What to produce =>
Starting at the line that contains "探拓 户外女士软壳衣 秋冬加绒防风防泼水徒步登山连帽外套" and stopping at the line that contains "Идей в книге", transcribe every line of the material below exactly; pictures stay out.

Input for this task =>
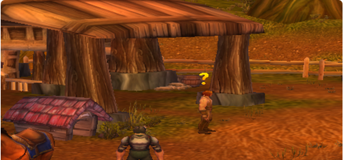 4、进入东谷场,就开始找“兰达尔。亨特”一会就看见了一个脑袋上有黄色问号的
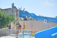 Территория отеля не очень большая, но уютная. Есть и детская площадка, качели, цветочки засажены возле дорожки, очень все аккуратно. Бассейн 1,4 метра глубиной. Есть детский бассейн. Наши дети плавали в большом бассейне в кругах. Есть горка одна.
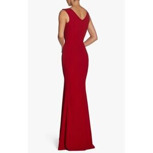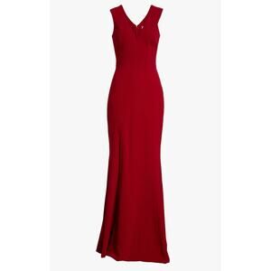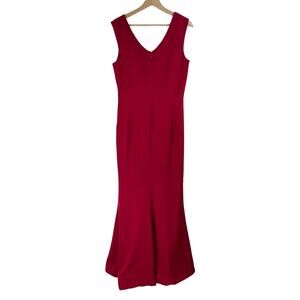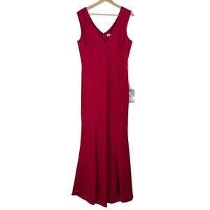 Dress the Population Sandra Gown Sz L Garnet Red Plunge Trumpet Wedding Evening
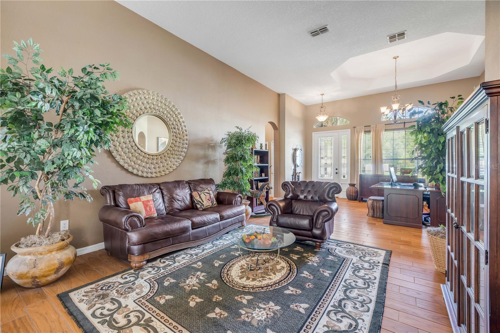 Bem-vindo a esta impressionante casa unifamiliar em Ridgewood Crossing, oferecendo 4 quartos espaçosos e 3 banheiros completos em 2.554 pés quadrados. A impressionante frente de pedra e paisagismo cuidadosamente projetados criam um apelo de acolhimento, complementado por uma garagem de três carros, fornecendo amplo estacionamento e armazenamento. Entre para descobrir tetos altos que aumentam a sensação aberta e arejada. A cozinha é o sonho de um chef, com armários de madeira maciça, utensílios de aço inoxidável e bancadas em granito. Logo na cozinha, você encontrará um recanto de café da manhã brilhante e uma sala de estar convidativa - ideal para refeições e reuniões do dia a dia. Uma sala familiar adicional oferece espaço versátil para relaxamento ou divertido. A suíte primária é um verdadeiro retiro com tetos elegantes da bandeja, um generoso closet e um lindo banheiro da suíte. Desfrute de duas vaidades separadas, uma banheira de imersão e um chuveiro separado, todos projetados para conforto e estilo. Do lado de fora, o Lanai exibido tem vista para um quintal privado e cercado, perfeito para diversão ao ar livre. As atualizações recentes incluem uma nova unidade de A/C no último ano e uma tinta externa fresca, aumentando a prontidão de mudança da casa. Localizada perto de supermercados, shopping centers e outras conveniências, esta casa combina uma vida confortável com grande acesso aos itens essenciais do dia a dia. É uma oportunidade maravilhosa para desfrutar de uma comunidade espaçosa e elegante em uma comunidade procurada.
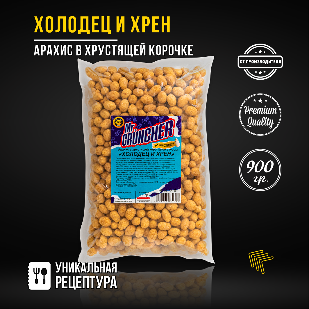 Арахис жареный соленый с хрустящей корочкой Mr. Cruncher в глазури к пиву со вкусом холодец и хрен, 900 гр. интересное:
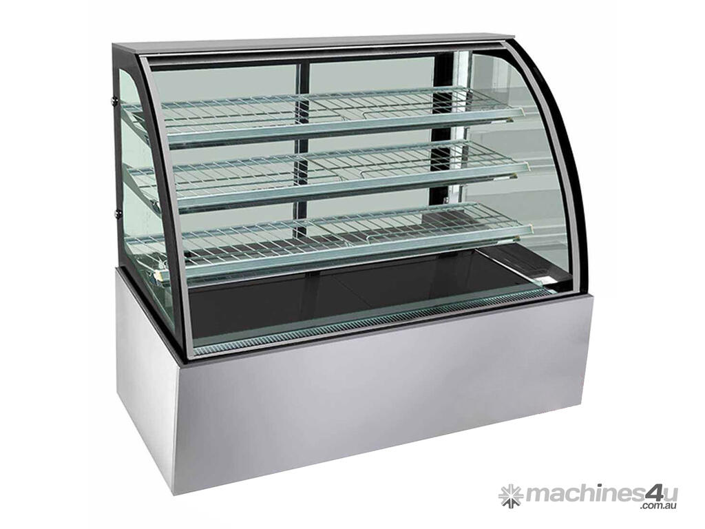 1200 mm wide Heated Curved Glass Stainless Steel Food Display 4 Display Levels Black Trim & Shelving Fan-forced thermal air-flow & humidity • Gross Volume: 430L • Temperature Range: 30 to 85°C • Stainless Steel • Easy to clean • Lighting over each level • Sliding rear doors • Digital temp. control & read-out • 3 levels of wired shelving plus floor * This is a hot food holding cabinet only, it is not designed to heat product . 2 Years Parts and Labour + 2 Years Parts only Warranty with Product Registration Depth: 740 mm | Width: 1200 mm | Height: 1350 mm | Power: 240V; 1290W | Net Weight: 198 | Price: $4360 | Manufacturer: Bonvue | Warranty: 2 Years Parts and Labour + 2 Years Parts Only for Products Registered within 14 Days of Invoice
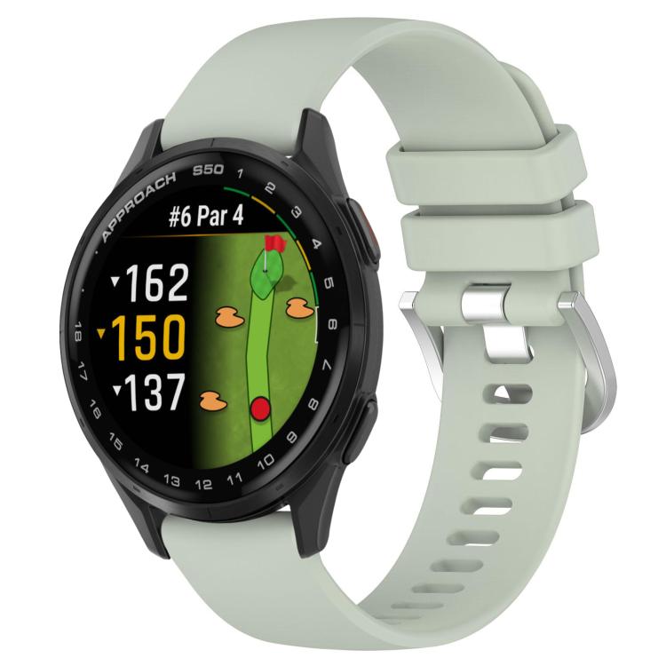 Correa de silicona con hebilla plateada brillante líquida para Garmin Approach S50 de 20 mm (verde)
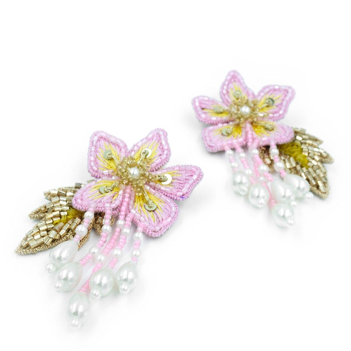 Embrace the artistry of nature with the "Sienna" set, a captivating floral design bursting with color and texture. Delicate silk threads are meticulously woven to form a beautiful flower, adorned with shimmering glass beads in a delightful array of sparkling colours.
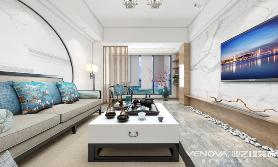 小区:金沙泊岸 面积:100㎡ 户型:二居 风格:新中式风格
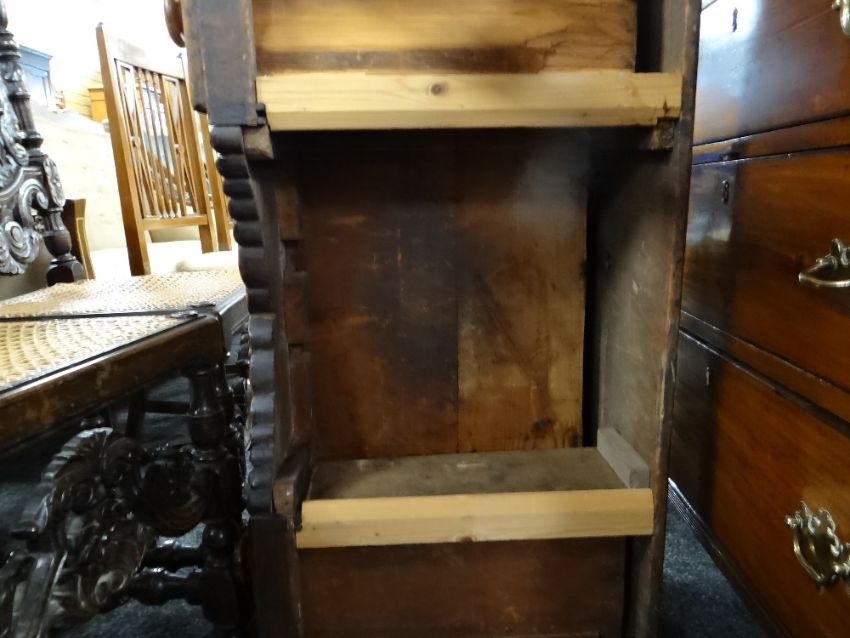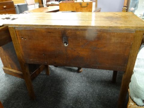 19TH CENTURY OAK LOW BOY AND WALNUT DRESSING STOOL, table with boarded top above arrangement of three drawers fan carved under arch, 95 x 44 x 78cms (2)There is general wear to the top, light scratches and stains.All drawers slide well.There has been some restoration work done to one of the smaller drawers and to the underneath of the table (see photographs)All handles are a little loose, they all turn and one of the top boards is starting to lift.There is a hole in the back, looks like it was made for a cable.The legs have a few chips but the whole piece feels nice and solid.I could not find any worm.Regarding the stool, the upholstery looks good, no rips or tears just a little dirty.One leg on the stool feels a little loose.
==
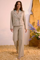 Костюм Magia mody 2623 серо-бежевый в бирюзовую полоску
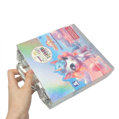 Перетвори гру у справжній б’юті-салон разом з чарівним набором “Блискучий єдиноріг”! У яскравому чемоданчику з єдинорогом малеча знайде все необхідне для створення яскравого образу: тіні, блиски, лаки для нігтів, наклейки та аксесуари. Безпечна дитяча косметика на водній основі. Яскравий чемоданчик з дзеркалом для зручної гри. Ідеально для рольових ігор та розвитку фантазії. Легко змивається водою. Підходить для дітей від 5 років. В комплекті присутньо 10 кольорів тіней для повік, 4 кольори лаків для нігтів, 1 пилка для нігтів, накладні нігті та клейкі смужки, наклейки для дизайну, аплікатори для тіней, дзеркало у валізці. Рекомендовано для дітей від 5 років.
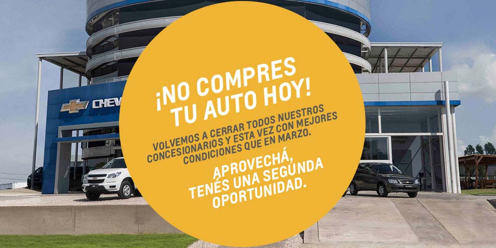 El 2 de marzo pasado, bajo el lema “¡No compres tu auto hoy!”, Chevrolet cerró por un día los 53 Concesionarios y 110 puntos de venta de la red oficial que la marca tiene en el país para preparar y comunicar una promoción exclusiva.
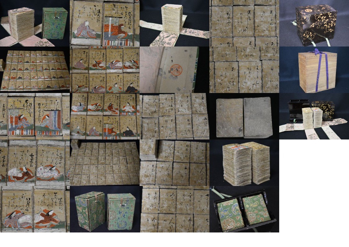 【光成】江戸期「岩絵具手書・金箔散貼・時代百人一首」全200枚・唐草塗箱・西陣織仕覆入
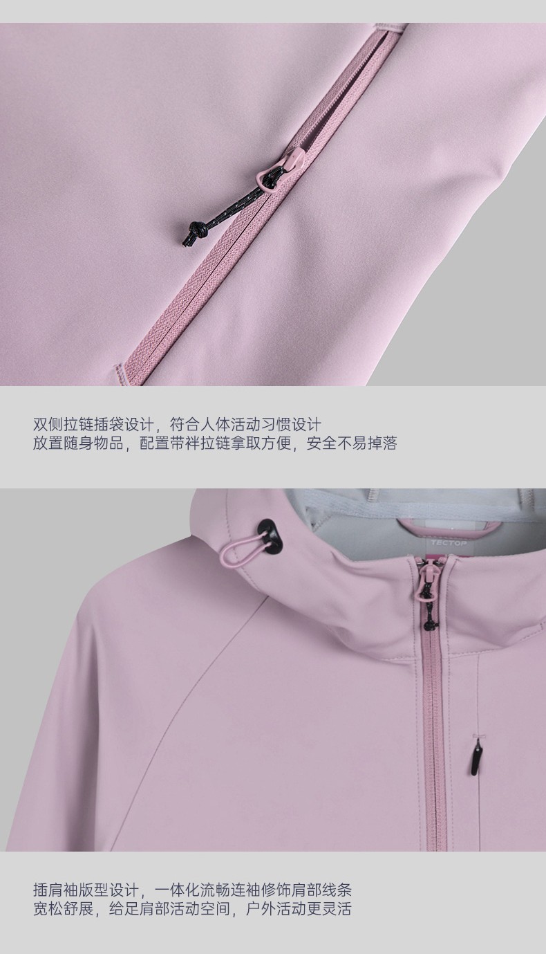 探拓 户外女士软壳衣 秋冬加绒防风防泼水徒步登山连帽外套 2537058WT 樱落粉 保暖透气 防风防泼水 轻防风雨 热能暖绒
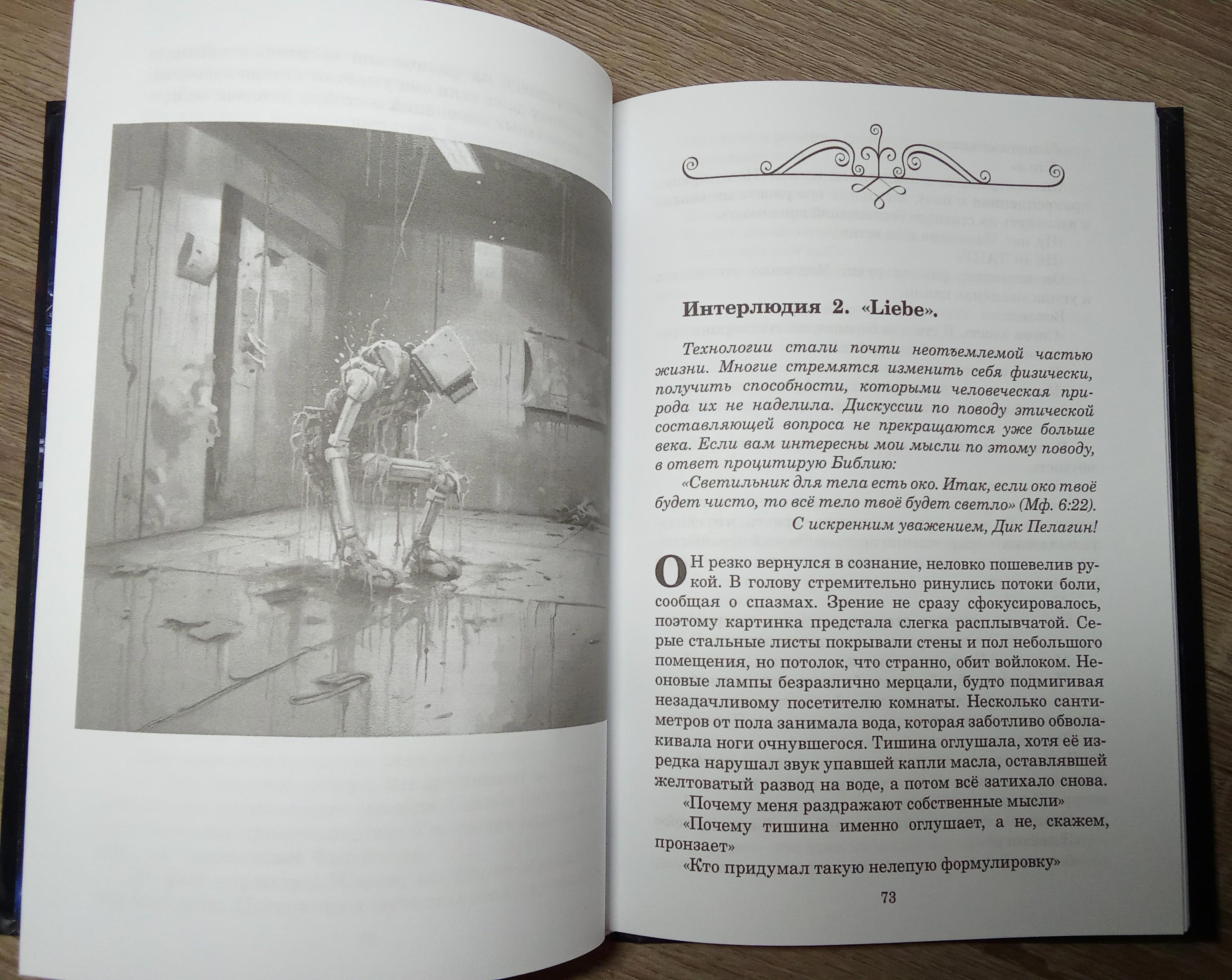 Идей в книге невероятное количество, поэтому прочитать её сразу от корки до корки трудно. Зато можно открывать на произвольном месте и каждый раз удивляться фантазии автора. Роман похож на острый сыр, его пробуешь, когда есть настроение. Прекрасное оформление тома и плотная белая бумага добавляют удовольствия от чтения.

Task output =>
 探拓 户外女士软壳衣 秋冬加绒防风防泼水徒步登山连帽外套 2537058WT 樱落粉 保暖透气 防风防泼水 轻防风雨 热能暖绒
 Идей в книге невероятное количество, поэтому прочитать её сразу от корки до корки трудно. Зато можно открывать на произвольном месте и каждый раз удивляться фантазии автора. Роман похож на острый сыр, его пробуешь, когда есть настроение. Прекрасное оформление тома и плотная белая бумага добавляют удовольствия от чтения.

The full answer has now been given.